28/11/2025
The Youth Climate Collective (YCC) has followed the proceedings of COP30 in Belém with a mixture of cautious hope and profound disappointment. While the conference was branded an "Implementation COP" and produced some welcome frameworks, the outcomes, when measured against the stark reality of the climate crisis in Nigeria, fall short of the ambition and justice we demanded.
The refusal by major emitting nations to commit to a binding fossil fuel phase-out directly perpetuates the cycle of pollution and economic instability in the Niger Delta, while the delay in tripling adaptation finance to 2035 exposes a disconnect from our reality of climate crisis.
The "Belém Package" provides a roadmap, but it is a map that fails to chart a course away from the primary source of the crisis: fossil fuels. For Nigerian youth living the daily consequences of a warming world, promises for 2035 feel like a lifetime away. Our generation cannot afford to wait.
Our assessment of the COP30 outcomes against our core demands:
1. On Climate Finance & Debt Justice: We acknowledge the formalization of the "Baku-to-Belém Roadmap to 1.3T" and the new Fostering Investible National Implementation (FINI) initiative. These are necessary steps. However, the agreement to triple adaptation finance by 2035 is a delay tactic that ignores the urgency of communities facing existential threats today. The continued dominance of debt instruments and lack of clarity on grant-based mechanisms ignore our demand for debt justice and perpetuate the cycle of climate-induced poverty.
2. On Loss & Damage: The operationalization of the Loss and Damage Fund with $250 million represents a step forward, but the scale is woefully inadequate and fails to address non-economic losses. The absence of a dedicated protocol for psychological trauma, lost education, and cultural heritage constitutes a profound injustice to climate-displaced Nigerians.
3. On a Just Transition for Oil-Dependent Economies: COP30's failure to establish a binding fossil fuel phase-out roadmap represents a catastrophic failure for Niger Delta communities. When the world delays a just energy transition, it effectively outsources the social and environmental costs to oil-producing communities in the Global South. Voluntary initiatives cannot deliver the comprehensive support needed to transition workers, remediate environments, and build renewable energy industries that benefit local communities.
4. On Food Systems & Adaptation: While we welcome the adoption of Global Goal on Adaptation indicators, the lack of direct funding mechanisms for smallholder farmers and community-based adaptation leaves Nigeria's food systems vulnerable. The global failure to provide adequate finance means the cost of climate disasters continues to be borne by Nigerians, with lost harvests and escalating conflicts over shrinking resources.

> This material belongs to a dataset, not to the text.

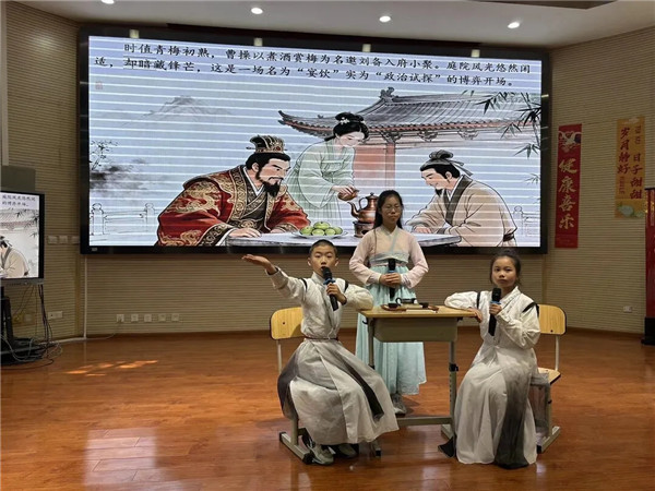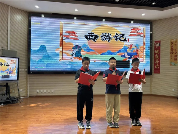 五年级的同学们在分享中尽显深度,王嘉毅、杨忬昕等同学分享《西游记》与《二月谣》;段正豪、罗佑展等同学以情景演绎再现《将相和》的经典桥段;冯文俊、芦柯丞等同学创意讲述《西游记》;李芮萱、陈妤茉等同学解读《三国演义 煮酒论英雄》。同学们在经典名著的分享中,传承文化经典,感悟历史底蕴。

5. On Climate-Resilient Cities: The recognition of multilevel action and adoption of the Gender Action Plan provide important frameworks. However, the absence of dedicated finance for urban resilience, green transportation, and waste management systems means Nigerian cities will continue to drown in annual floods without the resources to build true climate resilience.
From Global Frameworks to Nigerian Reality
COP30 has given us tools—the Global Implementation Accelerator, the Belém Mission to 1.5, and the Global Ethical Stocktake. We will use them to hold our own government and the international community accountable.
Our advocacy now turns to the national stage. We will:
Push for the Nigerian government to rapidly and transparently integrate the Belém outcomes into our national plans, ensuring youth are at the decision-making table.
Monitor the flow of any new climate finance to ensure it reaches the local, youth-led projects where it is most needed.
We will co-create the future where youth will lead the design and implementation of solutions through participatory planning and collaborative action.
To global leaders and our own government: You have agreed on more roadmaps in Belém. Nigerian youth are already on the road, building solutions. We stand ready to partner with the Nigerian government to implement the COP30 frameworks, offering our technical expertise, community networks, and innovative solutions. The youth are prepared to work alongside you to translate these global agreements into tangible local action for Nigeria's climate resilience.